The BLOSUM50 Blocks Substitution Matrix is a substitution matrix in which scores for each position are derived from observations of the frequencies of substitutions in blocks of local alignments in related proteins. Each matrix is tailored to a particular evolutionary distance. In the BLOSUM50 matrix, for example, the alignment from which scores were derived was created using sequences sharing no more than 50% identity.

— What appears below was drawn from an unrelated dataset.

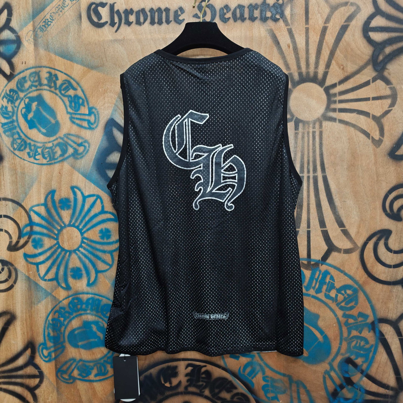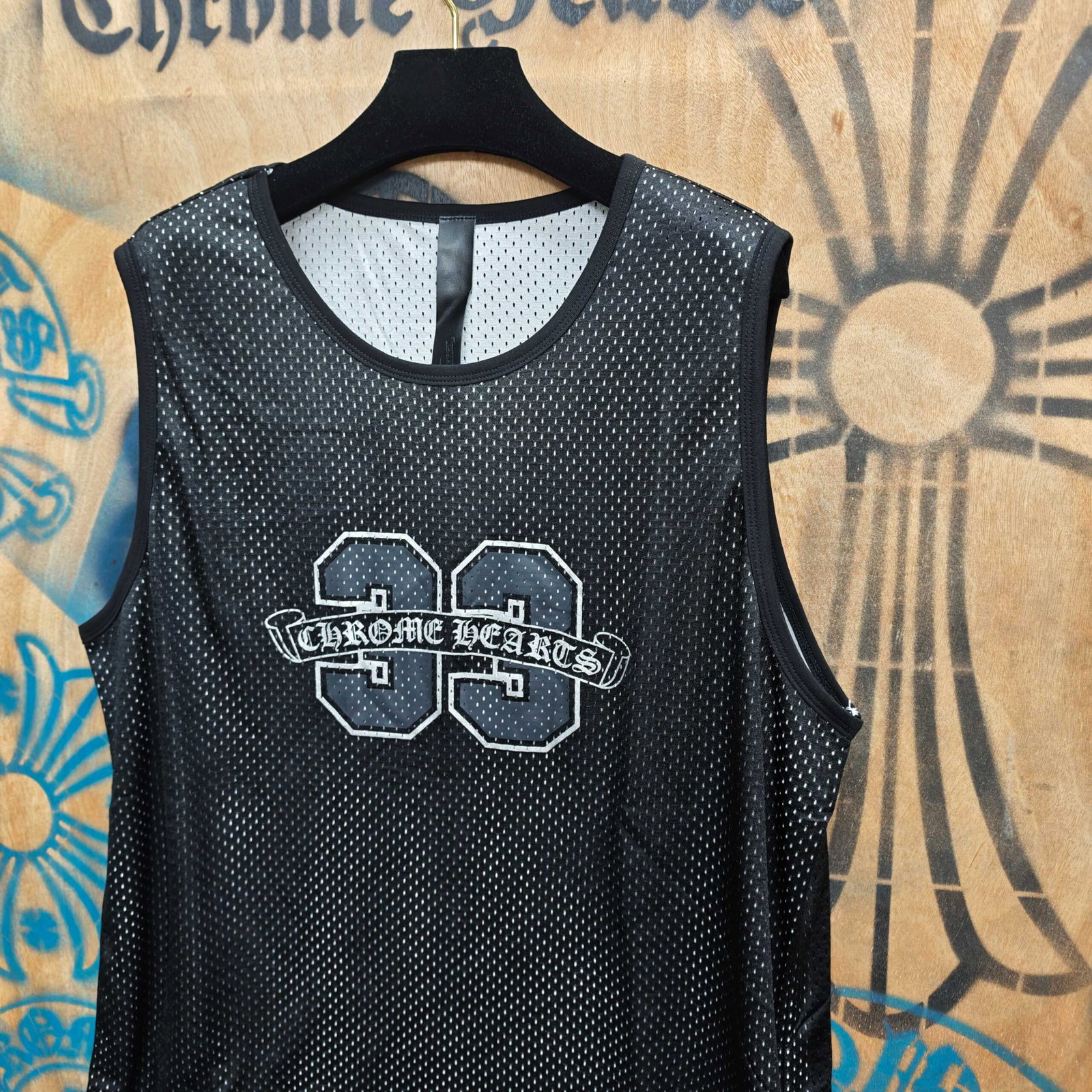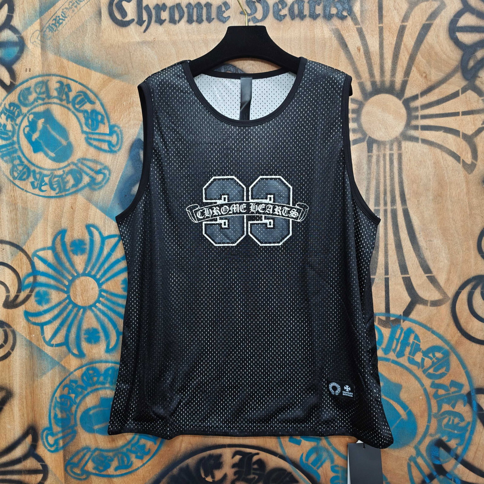 Chrome Hearts Print LOGO loose mesh surface VEST Black クロムハーツ プリント LOGO ゆったり クルーネック メッシュ面 ベスト ブラック

Sequences more identical than 50% are represented by a single sequence in the alignment to avoid overweighting closely related family members (Henikoff and Henikoff, Proc Natl Acad Sci U S A 89:10915-10919; 1992).
In SIMAP the BLOSUM50 matrix is used to compute alignments and scores to adjust the calculations to optimal sensitivity.

CRC64 checksum

The checksum allows to quickly identify identical sequences in SIMAP. The value of the crc64 checksum is derived from the pure amino acid sequence itself (all characters in upper case) using the 64 bit cyclic redundancy check function.

Database

A database in SIMAP is a collection of protein entries that have been imported into the SIMAP system. A database may represent all proteins of a genome (like PEDANT databases) or proteins from multiple species (like UNIPROT).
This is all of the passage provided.